Start of Information
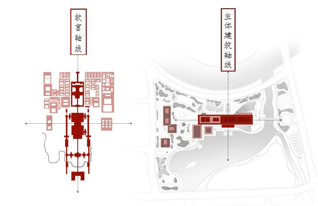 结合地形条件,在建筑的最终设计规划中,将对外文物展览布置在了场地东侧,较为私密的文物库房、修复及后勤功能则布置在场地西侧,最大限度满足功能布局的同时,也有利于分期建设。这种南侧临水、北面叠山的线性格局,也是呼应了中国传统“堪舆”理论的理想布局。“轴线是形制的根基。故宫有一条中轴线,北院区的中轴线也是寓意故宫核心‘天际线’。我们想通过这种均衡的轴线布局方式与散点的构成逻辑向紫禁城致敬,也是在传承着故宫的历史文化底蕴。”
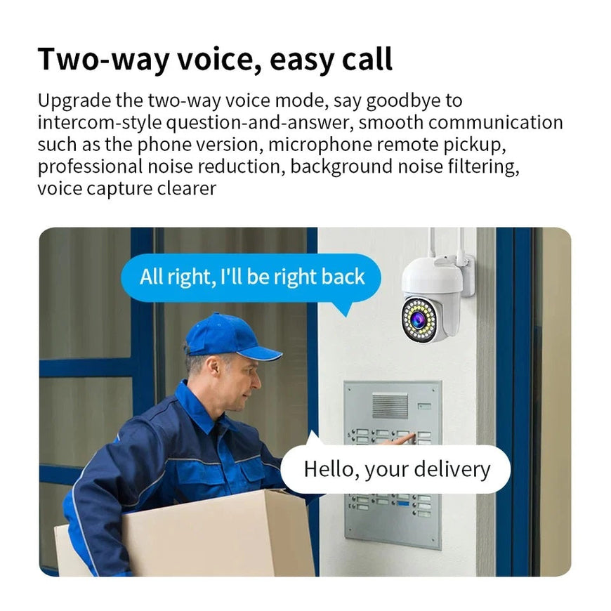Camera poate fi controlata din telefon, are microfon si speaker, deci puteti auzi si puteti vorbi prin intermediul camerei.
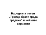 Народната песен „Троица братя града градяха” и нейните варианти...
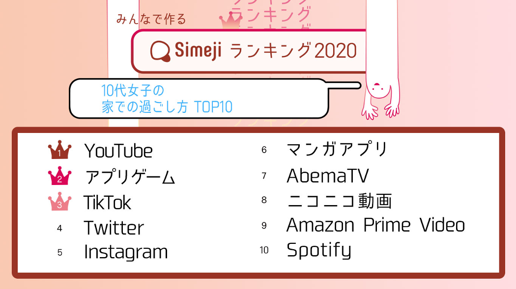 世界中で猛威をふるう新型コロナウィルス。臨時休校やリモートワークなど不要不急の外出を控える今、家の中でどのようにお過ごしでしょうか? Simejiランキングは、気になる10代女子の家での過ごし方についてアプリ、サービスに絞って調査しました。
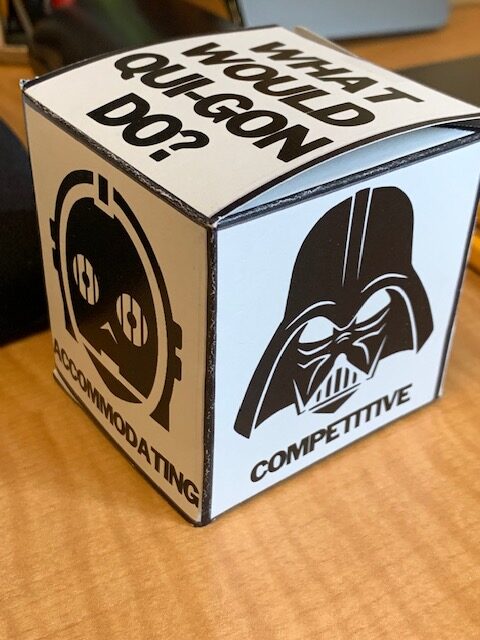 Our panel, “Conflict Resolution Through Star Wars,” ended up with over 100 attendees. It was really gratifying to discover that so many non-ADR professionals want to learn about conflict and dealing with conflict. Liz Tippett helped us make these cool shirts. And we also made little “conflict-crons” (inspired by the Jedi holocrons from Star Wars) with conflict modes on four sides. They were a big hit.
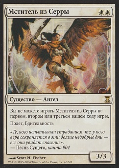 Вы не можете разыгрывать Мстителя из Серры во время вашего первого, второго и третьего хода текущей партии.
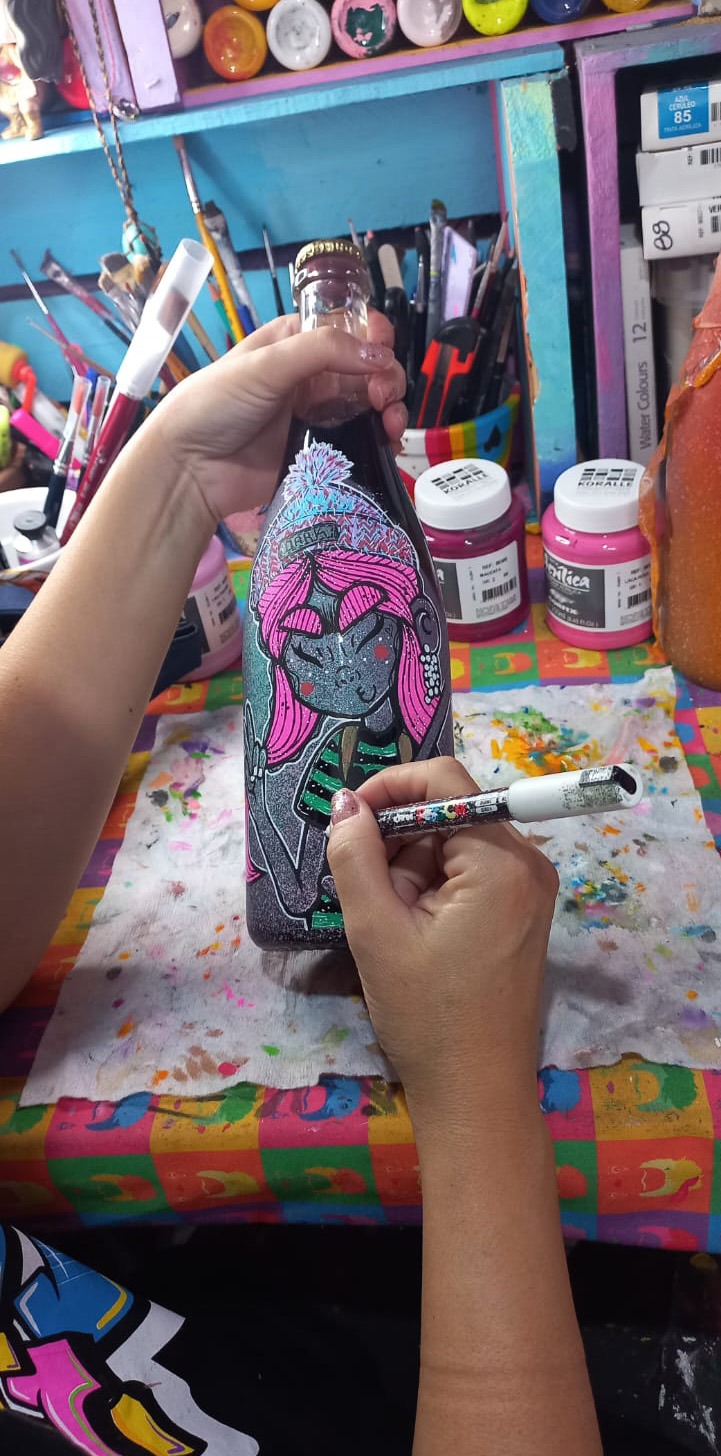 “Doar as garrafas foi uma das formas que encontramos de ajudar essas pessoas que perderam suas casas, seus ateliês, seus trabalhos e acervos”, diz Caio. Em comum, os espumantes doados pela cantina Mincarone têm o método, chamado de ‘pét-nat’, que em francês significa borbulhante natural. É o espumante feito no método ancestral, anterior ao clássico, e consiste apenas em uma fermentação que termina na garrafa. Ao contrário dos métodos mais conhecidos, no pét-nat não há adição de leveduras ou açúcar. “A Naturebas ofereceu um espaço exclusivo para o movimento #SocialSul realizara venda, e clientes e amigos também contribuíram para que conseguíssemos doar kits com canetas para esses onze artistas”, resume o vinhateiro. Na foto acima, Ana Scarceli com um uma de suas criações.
End of Information
Start of Information
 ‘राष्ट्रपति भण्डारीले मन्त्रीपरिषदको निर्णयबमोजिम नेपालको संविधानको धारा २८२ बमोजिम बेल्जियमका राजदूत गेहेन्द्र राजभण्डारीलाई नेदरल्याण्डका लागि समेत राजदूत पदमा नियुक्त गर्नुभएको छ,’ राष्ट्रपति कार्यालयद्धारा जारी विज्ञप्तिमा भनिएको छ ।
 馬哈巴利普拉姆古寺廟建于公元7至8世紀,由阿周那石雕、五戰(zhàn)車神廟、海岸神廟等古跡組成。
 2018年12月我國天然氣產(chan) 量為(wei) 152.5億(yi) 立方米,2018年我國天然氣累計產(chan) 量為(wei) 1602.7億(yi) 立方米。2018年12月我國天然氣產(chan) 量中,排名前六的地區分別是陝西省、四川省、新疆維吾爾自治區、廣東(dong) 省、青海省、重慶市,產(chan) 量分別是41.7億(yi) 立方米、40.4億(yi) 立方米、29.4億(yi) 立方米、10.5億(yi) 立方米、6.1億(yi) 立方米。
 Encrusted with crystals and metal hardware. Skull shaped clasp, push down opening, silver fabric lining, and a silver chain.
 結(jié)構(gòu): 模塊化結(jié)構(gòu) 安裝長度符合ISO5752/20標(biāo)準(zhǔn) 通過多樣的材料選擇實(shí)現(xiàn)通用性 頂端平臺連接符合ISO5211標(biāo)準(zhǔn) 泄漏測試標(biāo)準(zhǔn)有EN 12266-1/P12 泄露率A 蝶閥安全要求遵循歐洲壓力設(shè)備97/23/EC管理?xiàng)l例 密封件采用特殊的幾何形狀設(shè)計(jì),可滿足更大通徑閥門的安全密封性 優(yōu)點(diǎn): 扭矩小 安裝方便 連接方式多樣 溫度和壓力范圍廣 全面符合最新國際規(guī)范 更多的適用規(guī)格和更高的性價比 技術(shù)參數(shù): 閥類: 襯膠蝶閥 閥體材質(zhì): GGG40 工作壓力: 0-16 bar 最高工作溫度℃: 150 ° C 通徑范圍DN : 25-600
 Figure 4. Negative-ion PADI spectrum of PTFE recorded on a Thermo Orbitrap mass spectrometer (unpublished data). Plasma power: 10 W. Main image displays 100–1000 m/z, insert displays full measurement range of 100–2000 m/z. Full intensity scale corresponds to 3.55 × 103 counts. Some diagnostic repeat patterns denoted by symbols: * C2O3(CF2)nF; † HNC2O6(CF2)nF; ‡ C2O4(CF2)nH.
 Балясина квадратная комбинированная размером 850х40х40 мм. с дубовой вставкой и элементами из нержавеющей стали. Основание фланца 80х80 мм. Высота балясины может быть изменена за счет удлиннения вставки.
End of Information
Start of Information
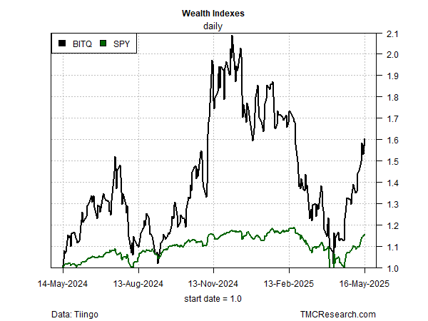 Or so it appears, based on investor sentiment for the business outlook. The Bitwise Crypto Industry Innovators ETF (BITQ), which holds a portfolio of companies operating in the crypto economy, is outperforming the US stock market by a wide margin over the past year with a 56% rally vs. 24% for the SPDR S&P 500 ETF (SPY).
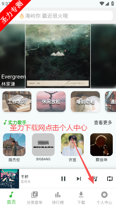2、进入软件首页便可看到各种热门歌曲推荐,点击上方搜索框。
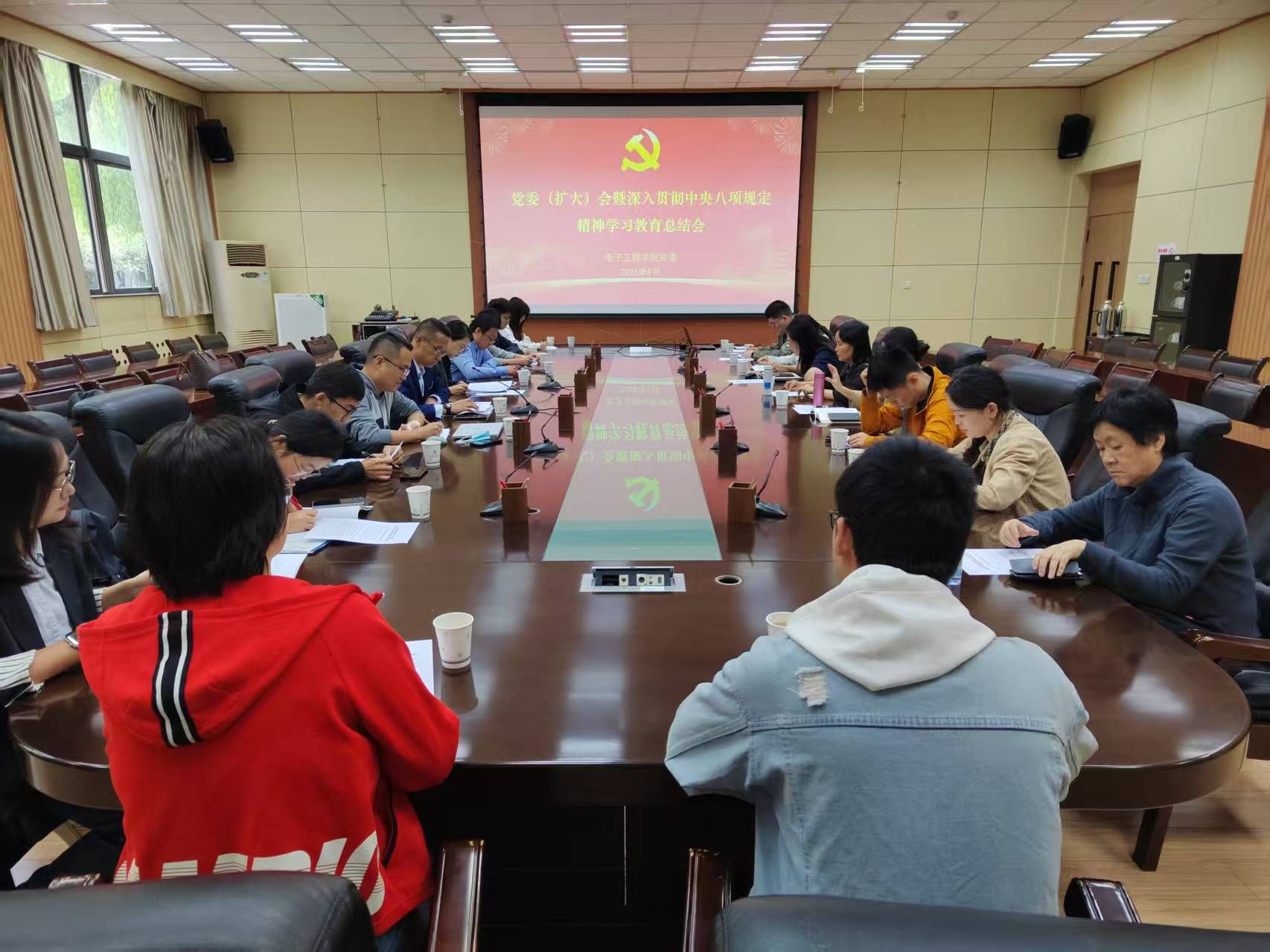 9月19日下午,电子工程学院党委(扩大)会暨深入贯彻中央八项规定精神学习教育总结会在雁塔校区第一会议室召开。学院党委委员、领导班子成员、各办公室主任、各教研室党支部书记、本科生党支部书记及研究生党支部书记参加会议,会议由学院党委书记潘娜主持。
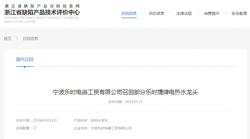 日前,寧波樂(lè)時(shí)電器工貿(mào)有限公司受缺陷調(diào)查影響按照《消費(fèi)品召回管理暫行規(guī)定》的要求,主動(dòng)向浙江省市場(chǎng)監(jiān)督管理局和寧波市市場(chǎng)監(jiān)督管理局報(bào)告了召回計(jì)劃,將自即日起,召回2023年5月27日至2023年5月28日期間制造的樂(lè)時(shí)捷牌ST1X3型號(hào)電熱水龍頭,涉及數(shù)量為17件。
End of Information
• _Aim of the exercise_
In the data above, find the line with "Вы не можете" and the line with "de suas criações.". Please copy exactly those two lines and every line between them, but not the pictures.

• _Written solution_
 Вы не можете разыгрывать Мстителя из Серры во время вашего первого, второго и третьего хода текущей партии.
 “Doar as garrafas foi uma das formas que encontramos de ajudar essas pessoas que perderam suas casas, seus ateliês, seus trabalhos e acervos”, diz Caio. Em comum, os espumantes doados pela cantina Mincarone têm o método, chamado de ‘pét-nat’, que em francês significa borbulhante natural. É o espumante feito no método ancestral, anterior ao clássico, e consiste apenas em uma fermentação que termina na garrafa. Ao contrário dos métodos mais conhecidos, no pét-nat não há adição de leveduras ou açúcar. “A Naturebas ofereceu um espaço exclusivo para o movimento #SocialSul realizara venda, e clientes e amigos também contribuíram para que conseguíssemos doar kits com canetas para esses onze artistas”, resume o vinhateiro. Na foto acima, Ana Scarceli com um uma de suas criações.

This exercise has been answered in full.